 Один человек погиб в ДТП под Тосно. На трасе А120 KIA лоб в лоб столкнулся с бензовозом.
--
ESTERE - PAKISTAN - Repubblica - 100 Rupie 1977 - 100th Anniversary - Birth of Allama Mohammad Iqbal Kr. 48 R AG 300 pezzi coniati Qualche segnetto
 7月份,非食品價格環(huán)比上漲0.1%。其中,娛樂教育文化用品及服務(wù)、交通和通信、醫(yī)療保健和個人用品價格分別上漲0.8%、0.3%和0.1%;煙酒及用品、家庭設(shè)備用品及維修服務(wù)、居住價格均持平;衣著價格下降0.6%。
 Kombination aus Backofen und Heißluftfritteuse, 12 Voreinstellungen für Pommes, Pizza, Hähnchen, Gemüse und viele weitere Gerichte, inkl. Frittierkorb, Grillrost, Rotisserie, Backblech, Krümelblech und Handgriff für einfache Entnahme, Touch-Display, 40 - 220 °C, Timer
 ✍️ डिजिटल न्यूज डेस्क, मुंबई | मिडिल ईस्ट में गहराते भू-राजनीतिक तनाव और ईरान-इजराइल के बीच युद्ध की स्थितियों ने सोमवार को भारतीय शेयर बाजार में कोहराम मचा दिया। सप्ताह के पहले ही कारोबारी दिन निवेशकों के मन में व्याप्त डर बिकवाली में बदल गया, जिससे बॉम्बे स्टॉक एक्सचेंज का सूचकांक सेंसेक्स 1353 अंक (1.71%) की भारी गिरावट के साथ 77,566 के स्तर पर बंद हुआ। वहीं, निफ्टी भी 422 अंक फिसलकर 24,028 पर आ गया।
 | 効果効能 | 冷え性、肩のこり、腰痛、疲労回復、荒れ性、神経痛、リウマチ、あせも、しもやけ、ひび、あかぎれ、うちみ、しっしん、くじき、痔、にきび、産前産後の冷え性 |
==
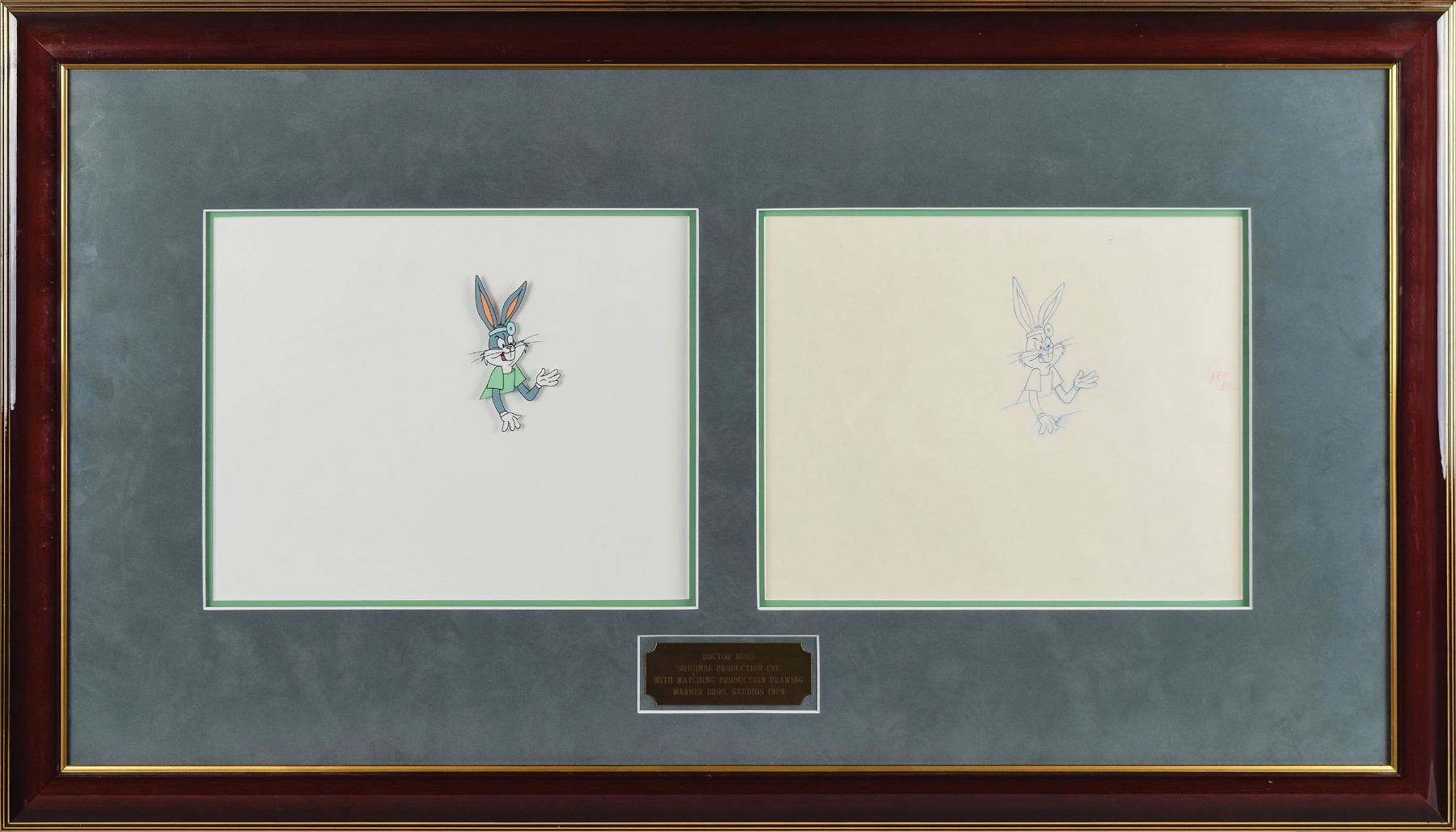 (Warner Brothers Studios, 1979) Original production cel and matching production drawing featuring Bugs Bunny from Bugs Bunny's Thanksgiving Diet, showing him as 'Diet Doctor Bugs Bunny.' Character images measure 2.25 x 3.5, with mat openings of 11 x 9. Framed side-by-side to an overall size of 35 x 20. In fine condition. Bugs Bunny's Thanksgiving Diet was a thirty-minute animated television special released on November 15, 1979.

# What needs to be done:
Please reproduce, exactly as they appear above, the lines from the line containing "ESTERE - PAKISTAN" up to and including the line containing "Kombination aus Backofen".

# Output for this exercise:
ESTERE - PAKISTAN - Repubblica - 100 Rupie 1977 - 100th Anniversary - Birth of Allama Mohammad Iqbal Kr. 48 R AG 300 pezzi coniati Qualche segnetto
 7月份,非食品價格環(huán)比上漲0.1%。其中,娛樂教育文化用品及服務(wù)、交通和通信、醫(yī)療保健和個人用品價格分別上漲0.8%、0.3%和0.1%;煙酒及用品、家庭設(shè)備用品及維修服務(wù)、居住價格均持平;衣著價格下降0.6%。
 Kombination aus Backofen und Heißluftfritteuse, 12 Voreinstellungen für Pommes, Pizza, Hähnchen, Gemüse und viele weitere Gerichte, inkl. Frittierkorb, Grillrost, Rotisserie, Backblech, Krümelblech und Handgriff für einfache Entnahme, Touch-Display, 40 - 220 °C, Timer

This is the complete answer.